A vital section of Australian voters who were key to Labor winning the 2022 federal election have turned away from the Albanian government.
While voters generally approve of the Prime Minister’s broken promise on Stage Three tax cuts, the government has fallen behind the Coalition with female voters.
In the last six months, the female vote in Labor primaries has fallen dramatically from 35 per cent to 30 per cent, while the Coalition’s has risen from 36 to 41 per cent.
On a Labor versus opposition basis, the Coalition now has a lead among women voters of 51 per cent to 49 per cent, according to a new poll for the Daily Telegraph.
Just two months ago, the RedBridge poll had Labor leading the Coalition with 54 per cent to 46 per cent for the same measure.

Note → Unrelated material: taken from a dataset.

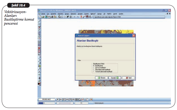 Ekrandaki raster veri komut penceresine eklendikten sonra Açılan pencerede, sınıflara ait kapalı alanları oluşturmak için, basitleştirme kriterlerinin bulunduğu kısım yeralacaktır. Basitleştirme derecesi, oluşan alanlardaki nokta sayısını azaltarak hatların sadeleşmesini sağlar. Alanları basitleştirme kriterlerinden “Basitleştirme” seçilir ve “Sonraki” düğmesine basılarak işleme devam edilir. Açılan pencerede “Delik alan topolojilerini düzelt” komutu aktif edildiğinde oluşan iç içe alanlarda, içteki alanı dıştakinden çıkartır ve iç alanı ayrı bir alan olarak yeniden tanımlar. “Sonraki” butonu ile işleme devam edilir.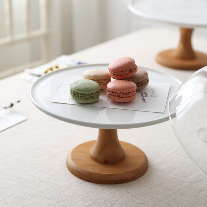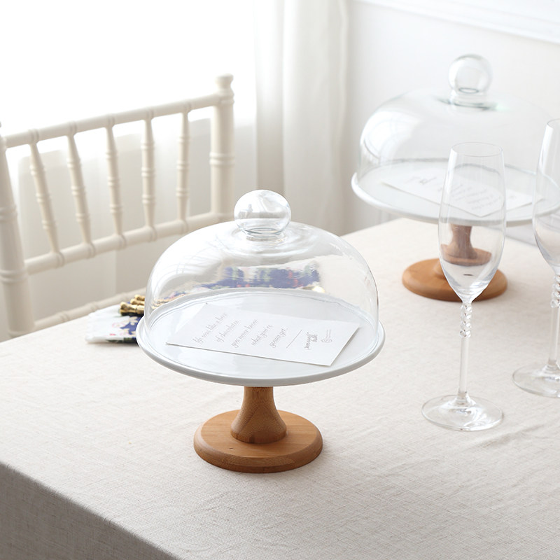 Cake Snack Dish Rack High Foot Ceramic Fruit Nursery Matching Unleaded Glass Cover Afternoon Tea Wedding Dessert Terrace

A vital section of Australian voters who were key to Labor winning the 2022 federal election have turned away from the Albanian government. Anthony Albanese appears in the photo with his partner Jodie Haydon
While voters generally approve of the Prime Minister’s broken promise on Stage Three tax cuts, the government has fallen behind the Coalition with women voters.
What is worrying for Labor is that almost half of all voters think the country is going in the wrong direction and less than a third believe it is going in the right direction.
But the Prime Minister will take comfort in knowing that his risky move to change the upcoming tax cuts to benefit everyone, and not just high earners, paid off.
Income between $18,200 and $45,000 will be taxed at 16 percent, up from 19 percent. The 30 per cent tax rate will apply to income between $45,000 and $135,000, and then a 37 per cent rate, which was abolished in the original stage 3, will apply between $135,000 and $190,000. Above that figure, the 45 percent rate will apply.
The move has helped keep Labour’s primary vote stable at 33 per cent, but the Coalition has increased its position by 3 points to 38 per cent since December.
This increase in the vote in the primaries has raised the opposition’s bipartisan preferred vote from 47.2 percent to 48.8 percent, while the Government has fallen from 52.8 percent to 51.2 percent.
With those numbers, the Coalition, whose voter drive comes almost entirely from women, will be competitive in the next election, which will be held in May 2025.
However, the tax cuts starting July 1 will have been in people’s bank accounts for 10 months by then.
That extra money will likely be felt most acutely in the outer suburbs of Sydney and Melbourne, which the Liberal Party needs to win back to regain power.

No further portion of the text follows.